Merge pull request github#12045 from atorralba/atorralba/more-custom-url-schemes

atorralba · web-flow · commit 407e7cbbded2 · 2023-02-01T17:40:20.000+01:00
Swift: Add more sources for custom URL schemes
diff --git a/swift/ql/lib/codeql/swift/frameworks/StandardLibrary/CustomUrlSchemes.qll b/swift/ql/lib/codeql/swift/frameworks/StandardLibrary/CustomUrlSchemes.qll
@@ -2,6 +2,7 @@ import swift
 private import codeql.swift.dataflow.DataFlow
 private import codeql.swift.dataflow.ExternalFlow
 private import codeql.swift.dataflow.FlowSources
+private import codeql.swift.dataflow.FlowSteps
 
 /**
  * A model for custom URL remote flow sources. iOS apps can receive arbitrary
@@ -14,10 +15,14 @@ private class CustomUrlRemoteFlowSource extends SourceModelCsv {
         ";UIApplicationDelegate;true;application(_:open:options:);;;Parameter[1];remote",
         ";UIApplicationDelegate;true;application(_:handleOpen:);;;Parameter[1];remote",
         ";UIApplicationDelegate;true;application(_:open:sourceApplication:annotation:);;;Parameter[1];remote",
-        // TODO: The actual source is the value of `UIApplication.LaunchOptionsKey.url` in the launchOptions dictionary.
+        // TODO 1: The actual source is the value of `UIApplication.LaunchOptionsKey.url` in the launchOptions dictionary.
         //       Use dictionary value contents when available.
         // ";UIApplicationDelegate;true;application(_:didFinishLaunchingWithOptions:);;;Parameter[1].MapValue;remote",
         // ";UIApplicationDelegate;true;application(_:willFinishLaunchingWithOptions:);;;Parameter[1].MapValue;remote"
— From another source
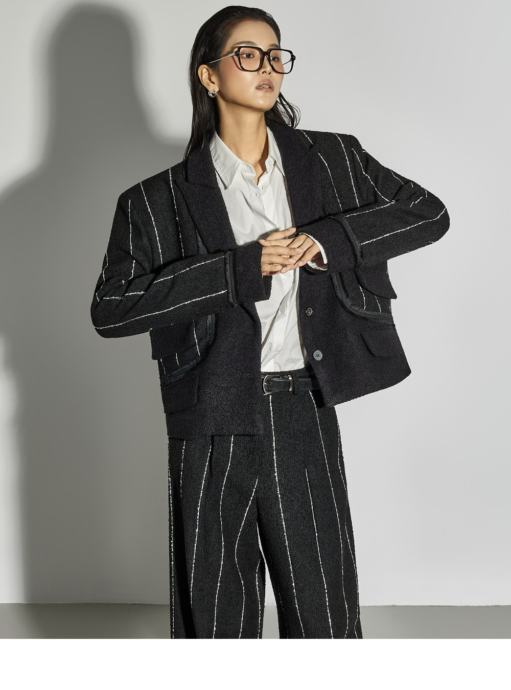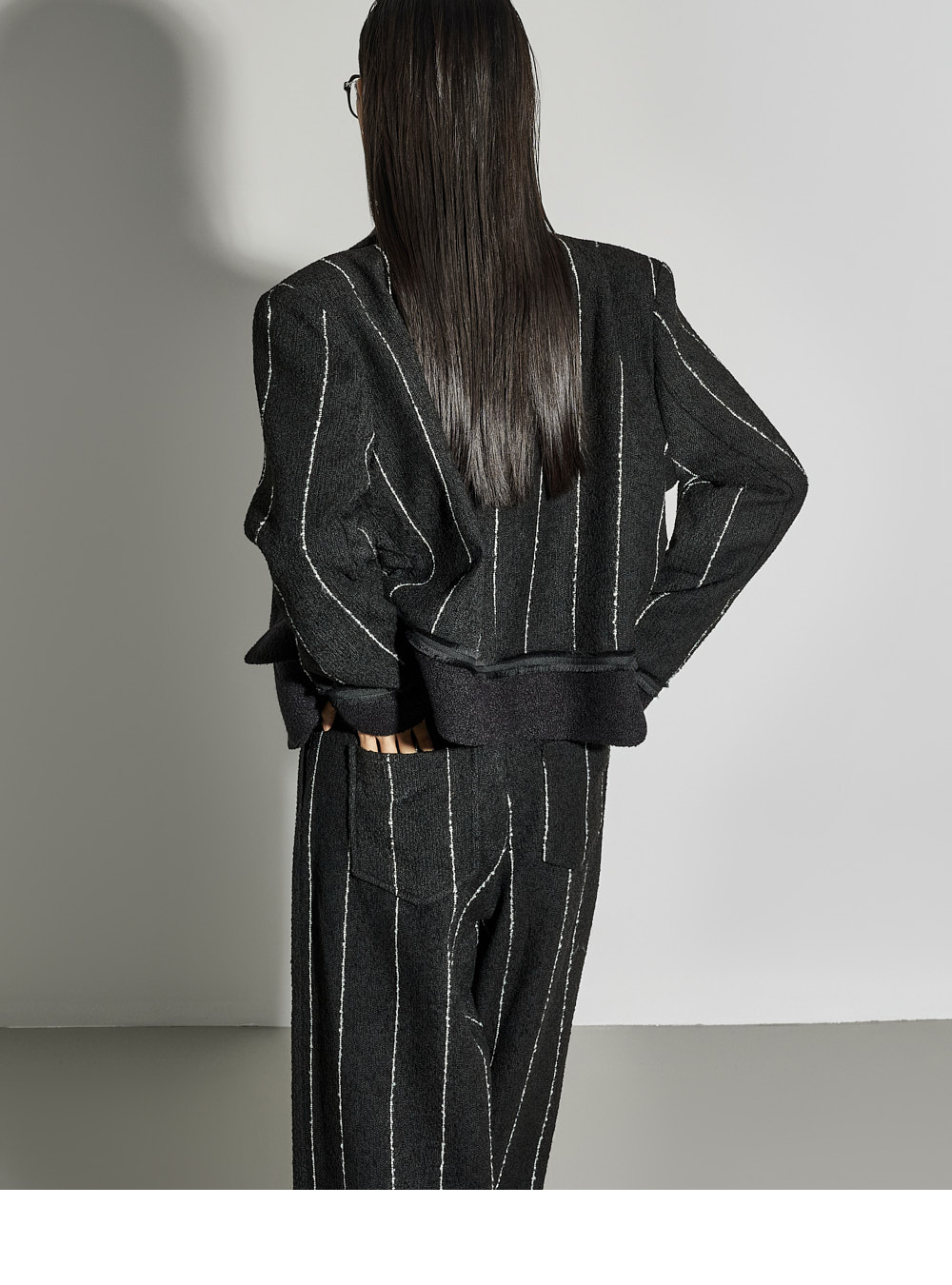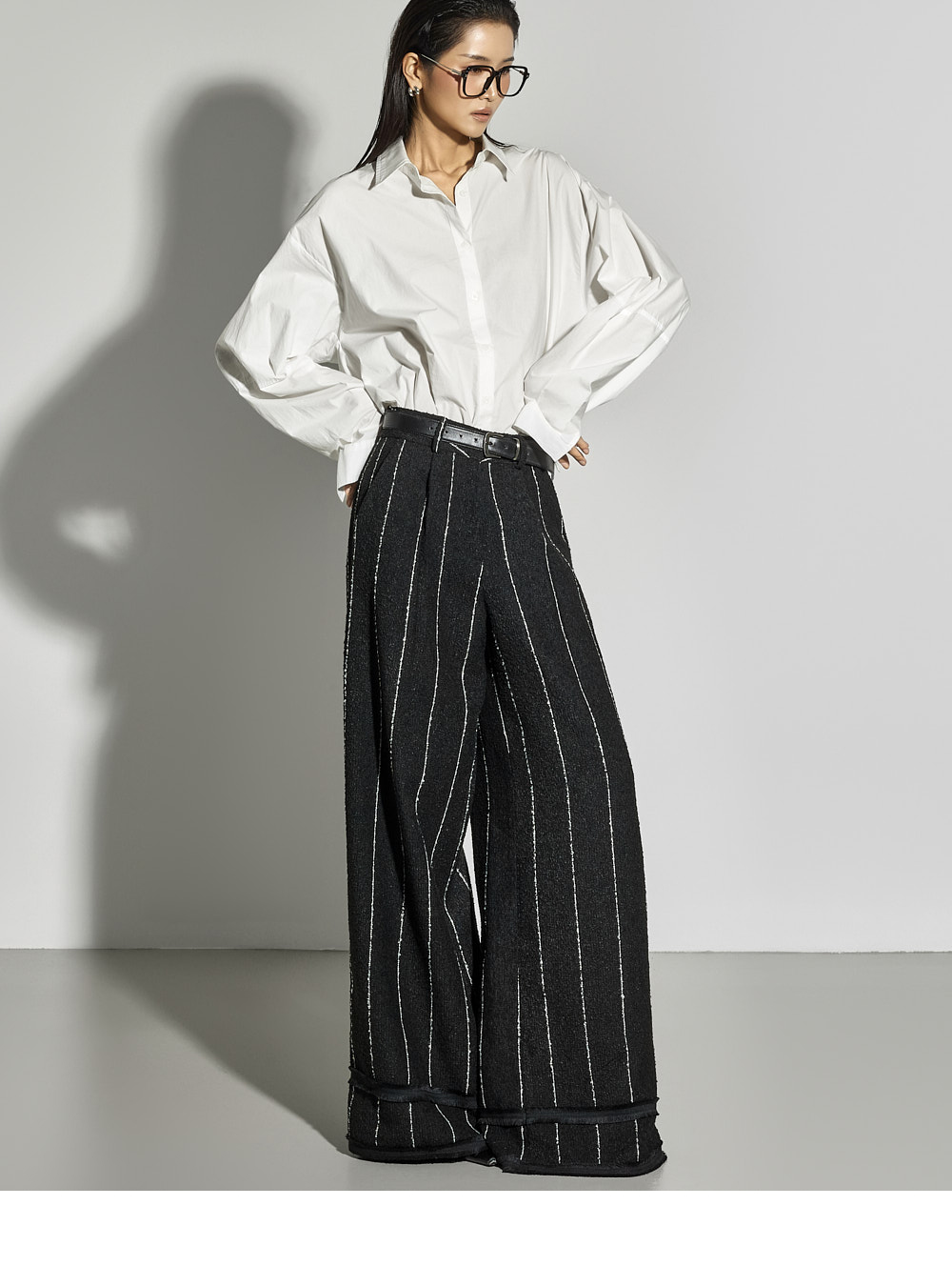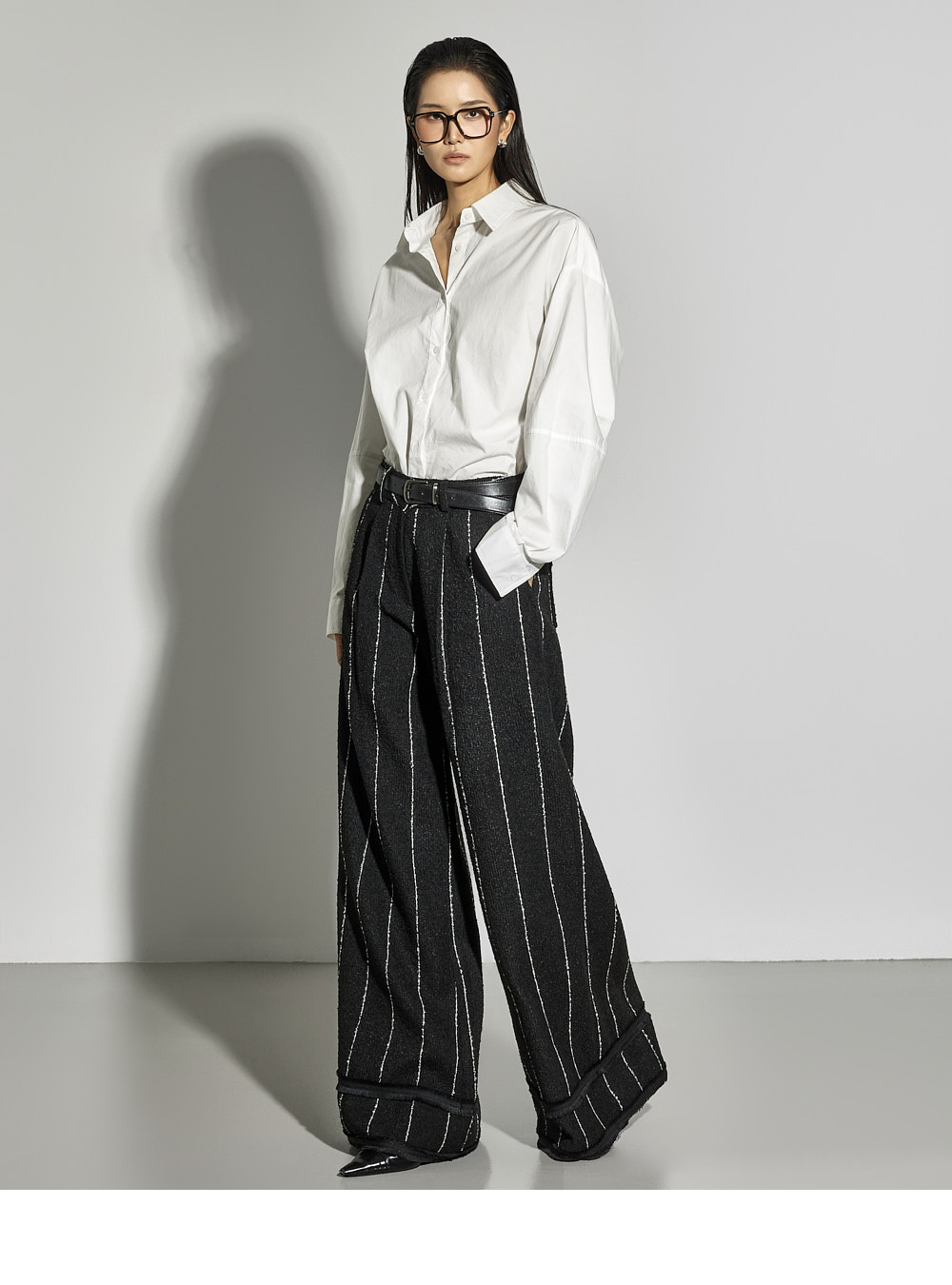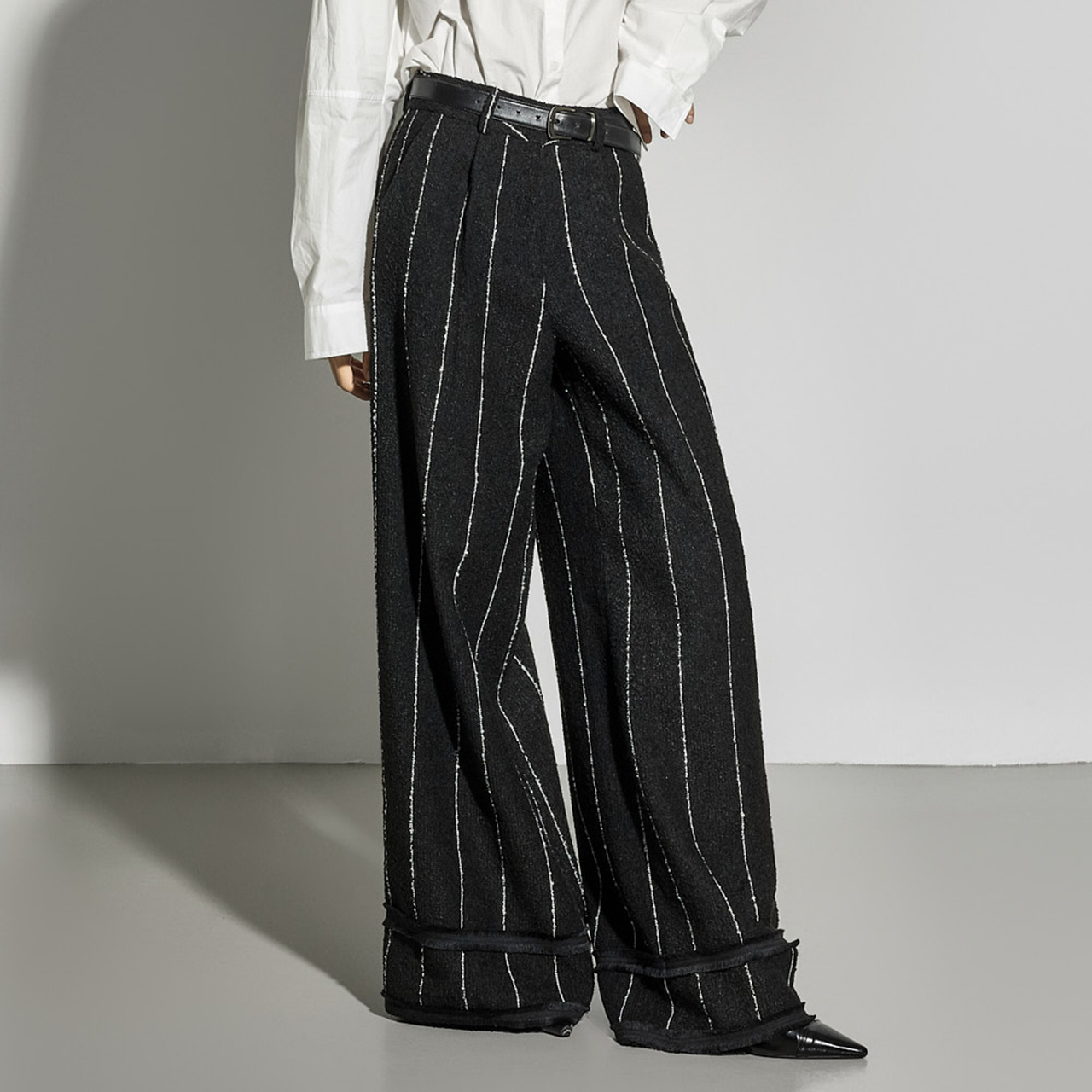 这是一款时尚感十足的条纹西装裤。 采用聚酯纤维与羊毛混纺材质制作,质地结实,同时带来温暖舒适的穿着感。 羊毛特有的细腻质感增添高级感,宽松的阔腿版型既舒适又打造精致廓形。 竖条纹图案视觉上拉长双腿,裤脚翻边设计增添经典亮点。 通过稳固支撑臀部与腰部的结构裁片,提升整体完成度。 与同材质西装外套搭配可呈现更加时尚、现代的套装造型,也可单穿,轻松驾驭从正式装到潮流休闲装的多种造型。 173CM模特身穿S码,BLACK色。

+        ";UISceneDelegate;true;scene(_:continue:);;;Parameter[1];remote",
+        ";UISceneDelegate;true;scene(_:didUpdate:);;;Parameter[1];remote",
+        ";UISceneDelegate;true;scene(_:openURLContexts:);;;Parameter[1];remote",
+        ";UISceneDelegate;true;scene(_:willConnectTo:options:);;;Parameter[2];remote"
       ]
   }
 }
@@ -27,7 +32,7 @@ private class CustomUrlRemoteFlowSource extends SourceModelCsv {
  * `UIApplicationDelegate.application(_:didFinishLaunchingWithOptions:)` or
  * `UIApplicationDelegate.application(_:willFinishLaunchingWithOptions:)`.
  */
-// This is a temporary workaround until the TODO above is addressed.
+// This is a temporary workaround until the TODO 1 above is addressed.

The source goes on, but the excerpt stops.